▶ **What the task requires**
Exactly and only the lines below from the one containing "11. Built out" down to the one containing "Сборка пиццы. Равномерно" are wanted, both included; please exclude every picture.

——

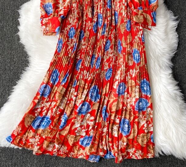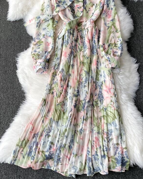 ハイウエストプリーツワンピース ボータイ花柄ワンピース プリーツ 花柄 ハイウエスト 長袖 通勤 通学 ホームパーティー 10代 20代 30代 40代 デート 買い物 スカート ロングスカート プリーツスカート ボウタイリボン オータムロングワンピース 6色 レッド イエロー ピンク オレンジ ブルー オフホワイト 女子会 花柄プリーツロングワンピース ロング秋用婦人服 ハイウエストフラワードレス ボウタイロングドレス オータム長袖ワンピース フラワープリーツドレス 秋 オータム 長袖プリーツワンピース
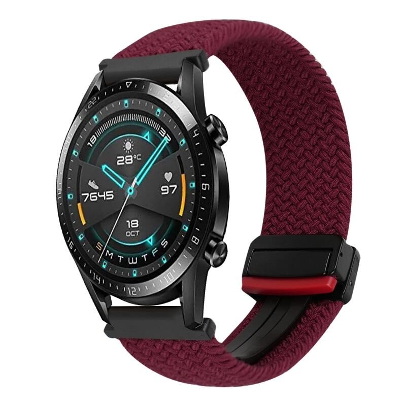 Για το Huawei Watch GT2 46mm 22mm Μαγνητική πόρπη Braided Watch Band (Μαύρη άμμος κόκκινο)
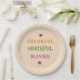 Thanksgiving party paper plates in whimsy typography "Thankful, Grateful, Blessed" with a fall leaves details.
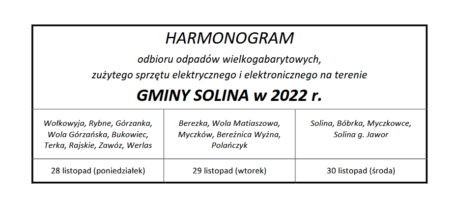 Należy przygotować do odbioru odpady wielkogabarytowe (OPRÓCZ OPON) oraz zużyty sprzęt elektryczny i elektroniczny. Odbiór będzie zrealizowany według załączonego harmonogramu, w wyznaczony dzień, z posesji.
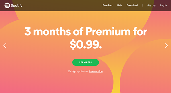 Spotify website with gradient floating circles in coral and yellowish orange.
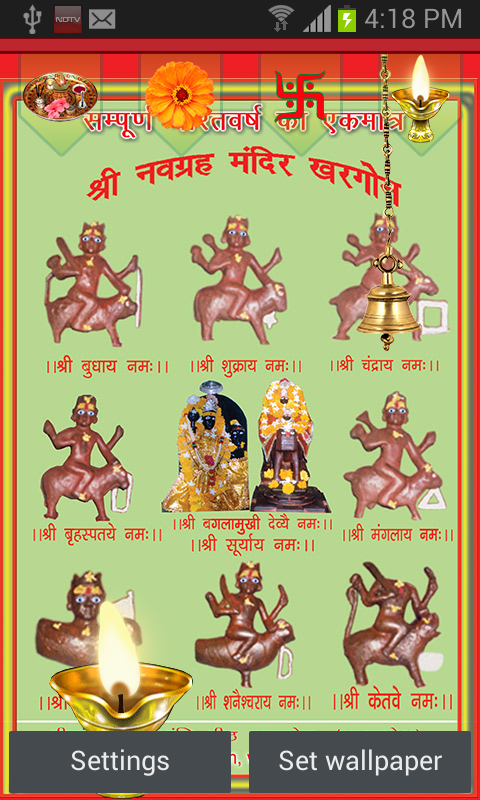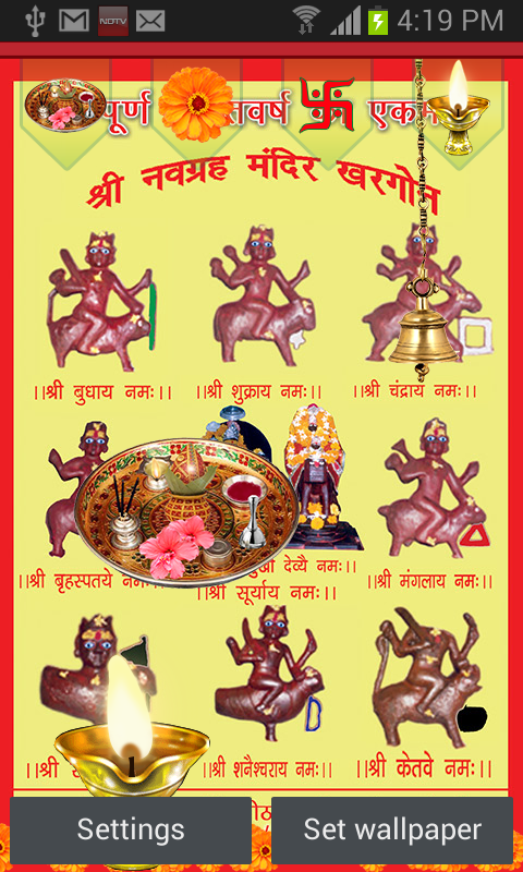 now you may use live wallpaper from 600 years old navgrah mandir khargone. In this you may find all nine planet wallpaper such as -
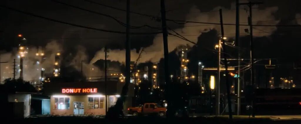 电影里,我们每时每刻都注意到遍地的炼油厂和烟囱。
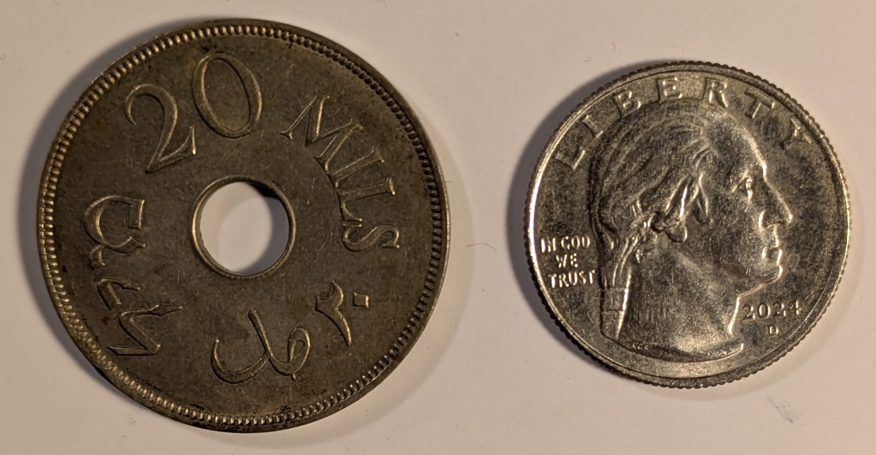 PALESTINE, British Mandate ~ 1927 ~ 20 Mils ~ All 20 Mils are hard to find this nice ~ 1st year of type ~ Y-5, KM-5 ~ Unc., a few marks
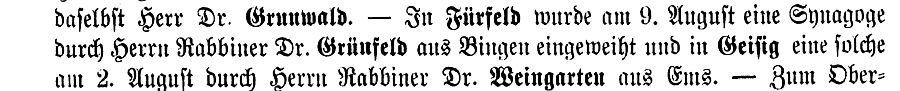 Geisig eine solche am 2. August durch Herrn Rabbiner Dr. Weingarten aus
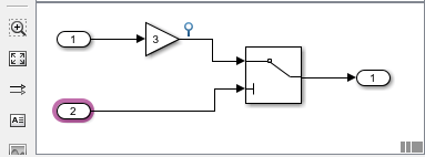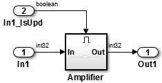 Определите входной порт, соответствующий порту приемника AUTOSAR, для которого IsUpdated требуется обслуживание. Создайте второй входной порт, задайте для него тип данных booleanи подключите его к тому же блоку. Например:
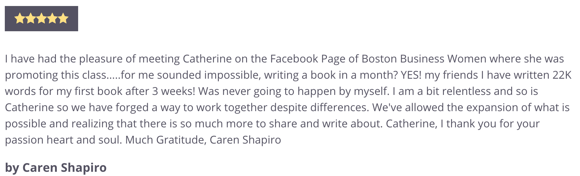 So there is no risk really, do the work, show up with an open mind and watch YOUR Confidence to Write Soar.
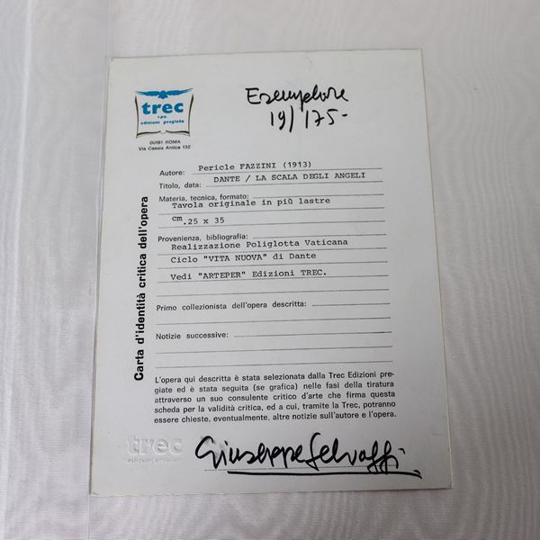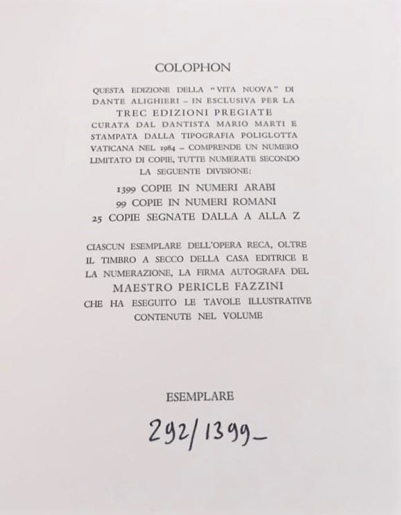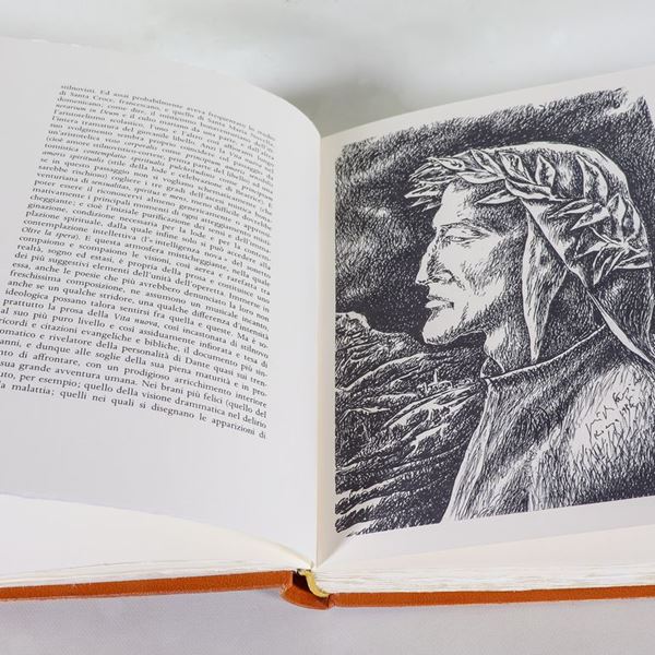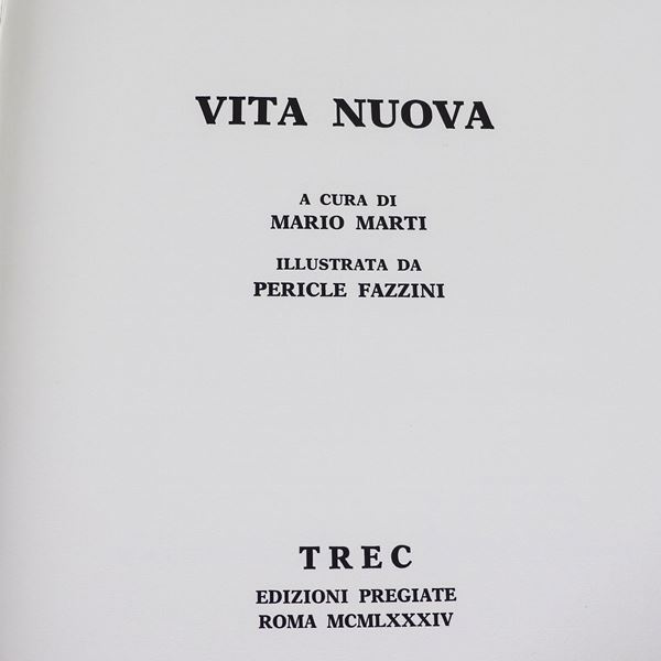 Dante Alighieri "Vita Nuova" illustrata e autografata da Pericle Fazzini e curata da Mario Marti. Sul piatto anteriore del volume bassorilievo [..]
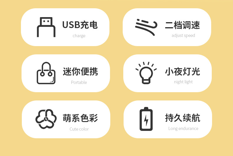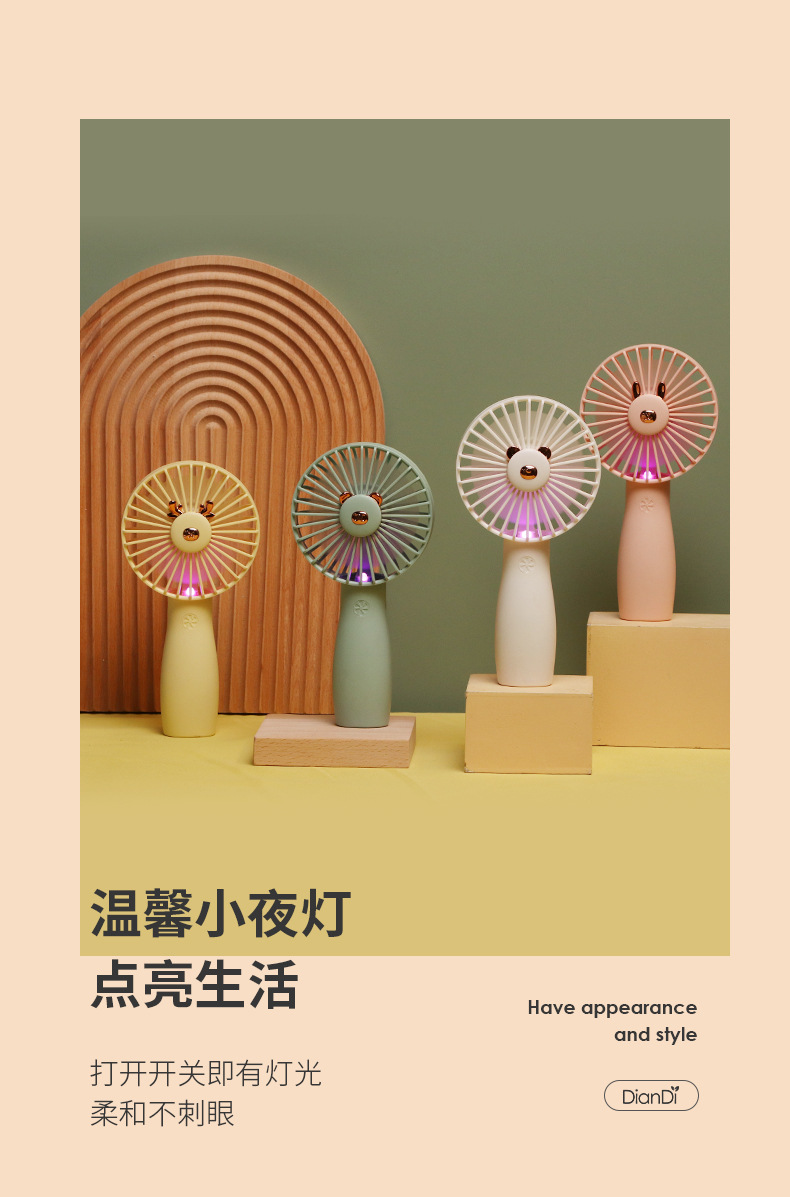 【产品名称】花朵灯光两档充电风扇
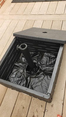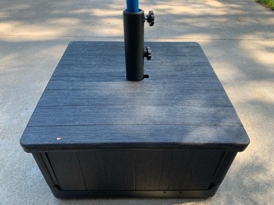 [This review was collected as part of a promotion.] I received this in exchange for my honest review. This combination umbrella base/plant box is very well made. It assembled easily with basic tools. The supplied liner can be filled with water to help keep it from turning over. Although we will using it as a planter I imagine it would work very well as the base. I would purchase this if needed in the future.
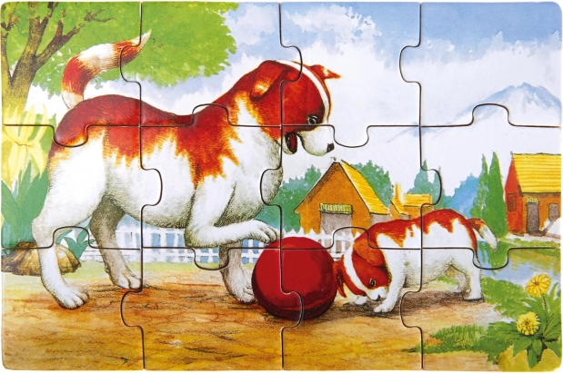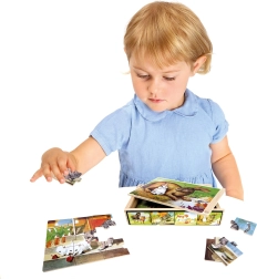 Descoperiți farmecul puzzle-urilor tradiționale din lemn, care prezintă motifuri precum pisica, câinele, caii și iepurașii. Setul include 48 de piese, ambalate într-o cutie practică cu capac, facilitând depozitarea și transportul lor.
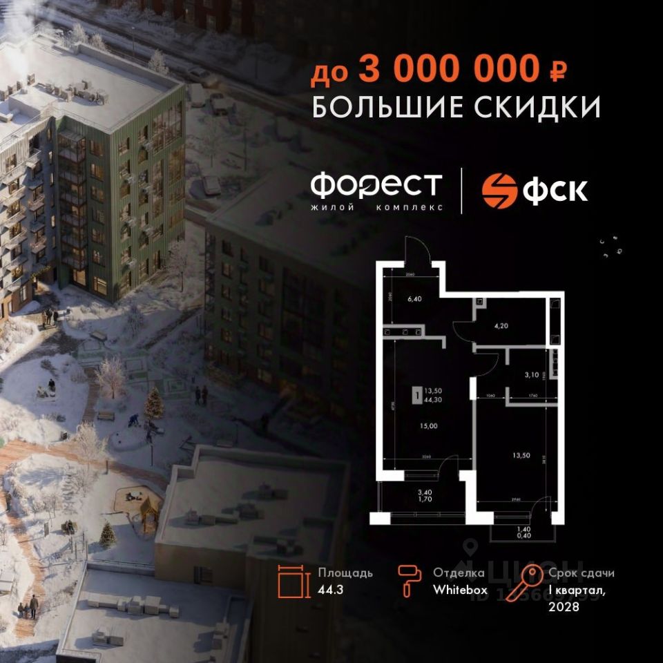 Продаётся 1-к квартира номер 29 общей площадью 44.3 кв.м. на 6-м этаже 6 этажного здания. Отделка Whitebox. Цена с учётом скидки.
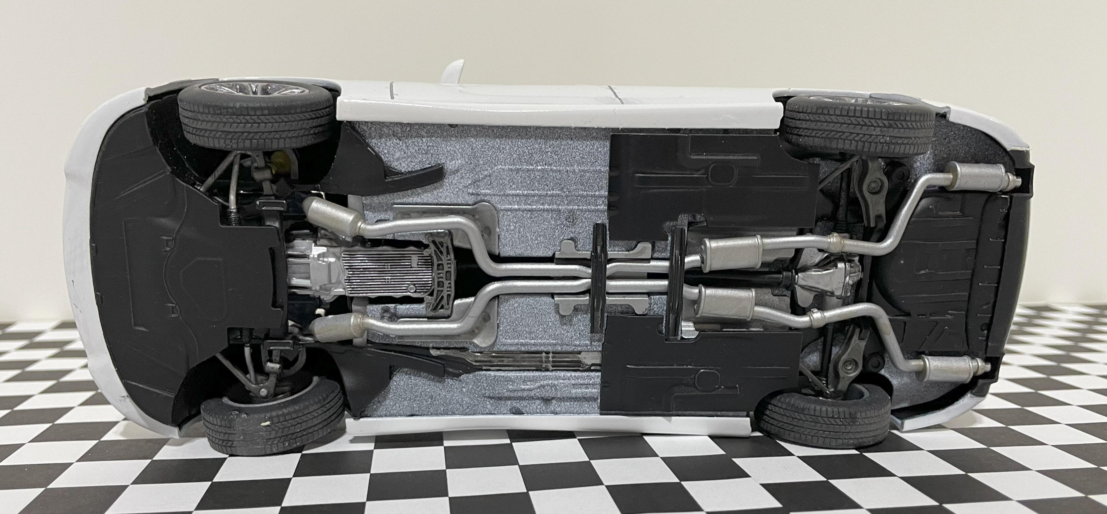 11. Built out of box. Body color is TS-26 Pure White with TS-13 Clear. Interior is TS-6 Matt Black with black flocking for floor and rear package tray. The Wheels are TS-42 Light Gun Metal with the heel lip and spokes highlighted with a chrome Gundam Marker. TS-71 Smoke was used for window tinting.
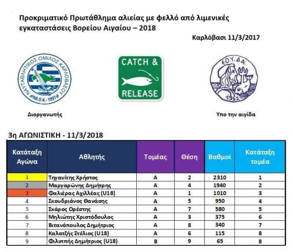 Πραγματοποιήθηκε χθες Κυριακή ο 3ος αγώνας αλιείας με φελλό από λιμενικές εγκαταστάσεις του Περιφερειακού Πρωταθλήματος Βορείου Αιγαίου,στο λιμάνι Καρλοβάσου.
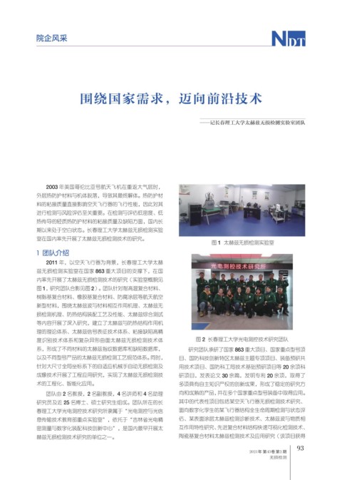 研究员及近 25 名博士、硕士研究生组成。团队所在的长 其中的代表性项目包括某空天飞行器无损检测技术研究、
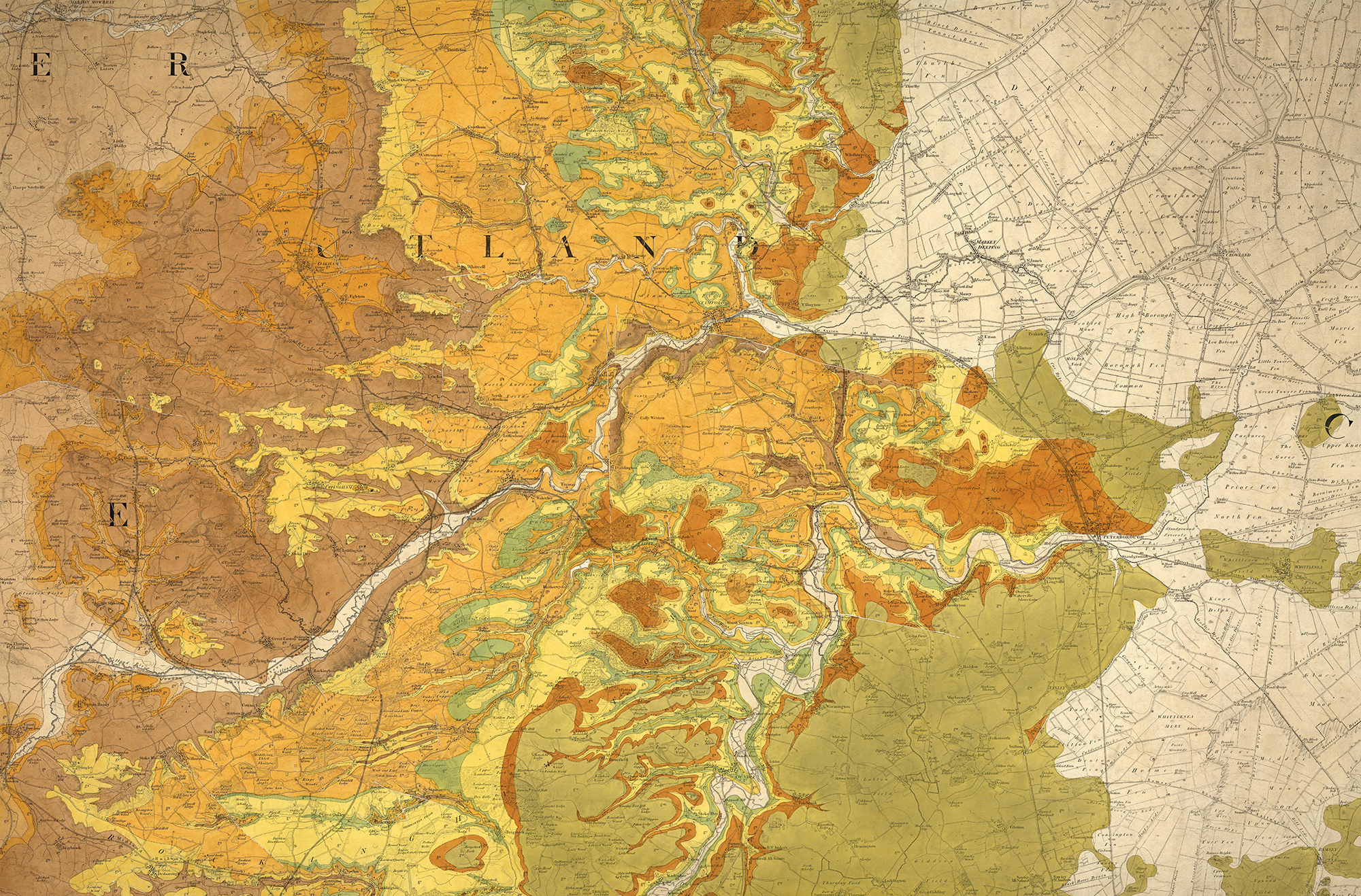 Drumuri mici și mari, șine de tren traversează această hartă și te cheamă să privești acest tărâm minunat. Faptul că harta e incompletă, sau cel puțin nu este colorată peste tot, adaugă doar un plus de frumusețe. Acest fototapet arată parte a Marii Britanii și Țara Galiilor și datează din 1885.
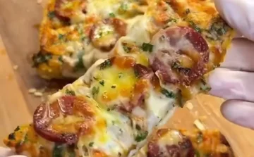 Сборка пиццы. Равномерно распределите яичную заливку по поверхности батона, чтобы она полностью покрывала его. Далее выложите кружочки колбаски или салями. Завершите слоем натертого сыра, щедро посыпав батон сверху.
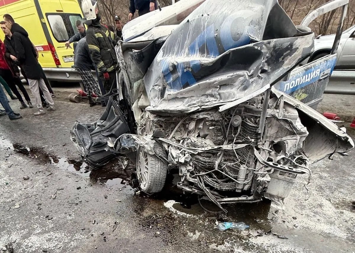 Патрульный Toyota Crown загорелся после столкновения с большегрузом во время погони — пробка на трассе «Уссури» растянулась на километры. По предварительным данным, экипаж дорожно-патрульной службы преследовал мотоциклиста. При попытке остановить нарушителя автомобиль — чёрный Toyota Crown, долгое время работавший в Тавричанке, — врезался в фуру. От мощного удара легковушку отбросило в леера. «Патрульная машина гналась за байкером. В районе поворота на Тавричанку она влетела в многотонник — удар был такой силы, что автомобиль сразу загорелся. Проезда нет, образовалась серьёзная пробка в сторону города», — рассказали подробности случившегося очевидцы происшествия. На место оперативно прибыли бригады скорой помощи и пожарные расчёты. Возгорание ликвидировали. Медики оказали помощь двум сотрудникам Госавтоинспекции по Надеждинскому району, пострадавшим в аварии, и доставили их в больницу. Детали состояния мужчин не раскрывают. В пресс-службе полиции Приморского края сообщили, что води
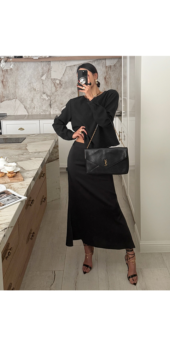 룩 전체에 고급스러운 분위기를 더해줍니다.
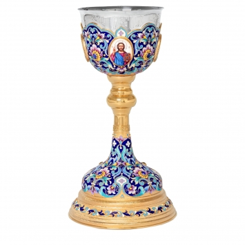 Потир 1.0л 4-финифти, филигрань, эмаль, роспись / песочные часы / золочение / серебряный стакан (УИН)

——

▶ **Task response**
 11. Built out of box. Body color is TS-26 Pure White with TS-13 Clear. Interior is TS-6 Matt Black with black flocking for floor and rear package tray. The Wheels are TS-42 Light Gun Metal with the heel lip and spokes highlighted with a chrome Gundam Marker. TS-71 Smoke was used for window tinting.
 Πραγματοποιήθηκε χθες Κυριακή ο 3ος αγώνας αλιείας με φελλό από λιμενικές εγκαταστάσεις του Περιφερειακού Πρωταθλήματος Βορείου Αιγαίου,στο λιμάνι Καρλοβάσου.
 研究员及近 25 名博士、硕士研究生组成。团队所在的长 其中的代表性项目包括某空天飞行器无损检测技术研究、
 Drumuri mici și mari, șine de tren traversează această hartă și te cheamă să privești acest tărâm minunat. Faptul că harta e incompletă, sau cel puțin nu este colorată peste tot, adaugă doar un plus de frumusețe. Acest fototapet arată parte a Marii Britanii și Țara Galiilor și datează din 1885.
 Сборка пиццы. Равномерно распределите яичную заливку по поверхности батона, чтобы она полностью покрывала его. Далее выложите кружочки колбаски или салями. Завершите слоем натертого сыра, щедро посыпав батон сверху.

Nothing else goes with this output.